Discovery and evolution of new and improved proteins has empowered molecular therapeutics, diagnostics, and industrial biotechnology. Discovery and evolution both require efficient screens and effective libraries, although they differ in their challenges because of the absence or presence, respectively, of an initial protein variant with the desired function. A host of high-throughput technologies-experimental and computational-enable efficient screens to identify performant protein variants. In partnership, an informed search of sequence space is needed to overcome the immensity, sparsity, and complexity of the sequence-performance landscape.
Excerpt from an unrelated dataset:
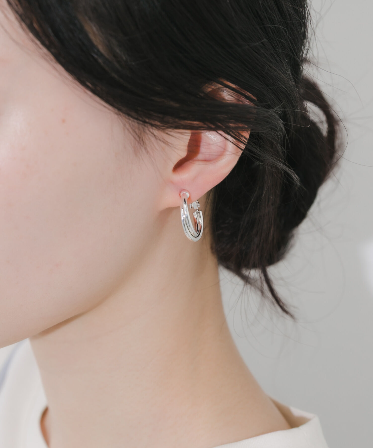 【ツイストデザインが耳元のアクセントに】●ひねりを加えた幅広のメタルライン●デザイン性がありながらもどんな服にもマッチするデザイン●クールなシルバーカラーが、耳元に知的な透明感をプラスプ.. |

Early in the historical trajectory of protein engineering, these elements aligned with distinct approaches to identify the most performant sequence: selection from large, randomized combinatorial libraries versus rational computational design. Substantial advances have now emerged from the synergy of these perspectives. Rational design of combinatorial libraries aids the experimental search of sequence space, and high-throughput, high-integrity experimental data inform computational design. At the core of the collaborative interface, efficient protein characterization (rather than mere selection of optimal variants) maps sequence-performance landscapes. Such quantitative maps elucidate the complex relationships between protein sequence and performance-e.g., binding, catalytic efficiency, biological activity, and developability-thereby advancing fundamental protein science and facilitating protein discovery and evolution.

Abstract Image

通过序列性能映射的蛋白质工程。
新的和改进的蛋白质的发现和进化为分子治疗、诊断和工业生物技术提供了力量。发现和进化都需要有效的筛选和有效的文库,尽管它们的挑战不同,因为分别缺乏或存在具有所需功能的初始蛋白质变体。大量的高通量实验和计算技术使高效的筛选能够识别高性能的蛋白质变体。在合作伙伴关系中,需要对序列空间进行知情搜索,以克服序列性能景观的巨大性、稀疏性和复杂性。在蛋白质工程的历史轨迹早期,这些元素与识别最具性能序列的不同方法相一致:从大型随机组合库中选择与合理的计算设计。这些观点的协同作用现已取得实质性进展。组合库的合理设计有助于序列空间的实验搜索,而高通量、高完整性的实验数据为计算设计提供了信息。在协作界面的核心,高效的蛋白质表征(而不仅仅是选择最佳变体)绘制了序列性能图。这种定量图谱阐明了蛋白质序列与性能之间的复杂关系,例如结合、催化效率、生物活性和可开发性,从而推进了基础蛋白质科学,促进了蛋白质的发现和进化。
本文章由计算机程序翻译,如有差异,请以英文原文为准。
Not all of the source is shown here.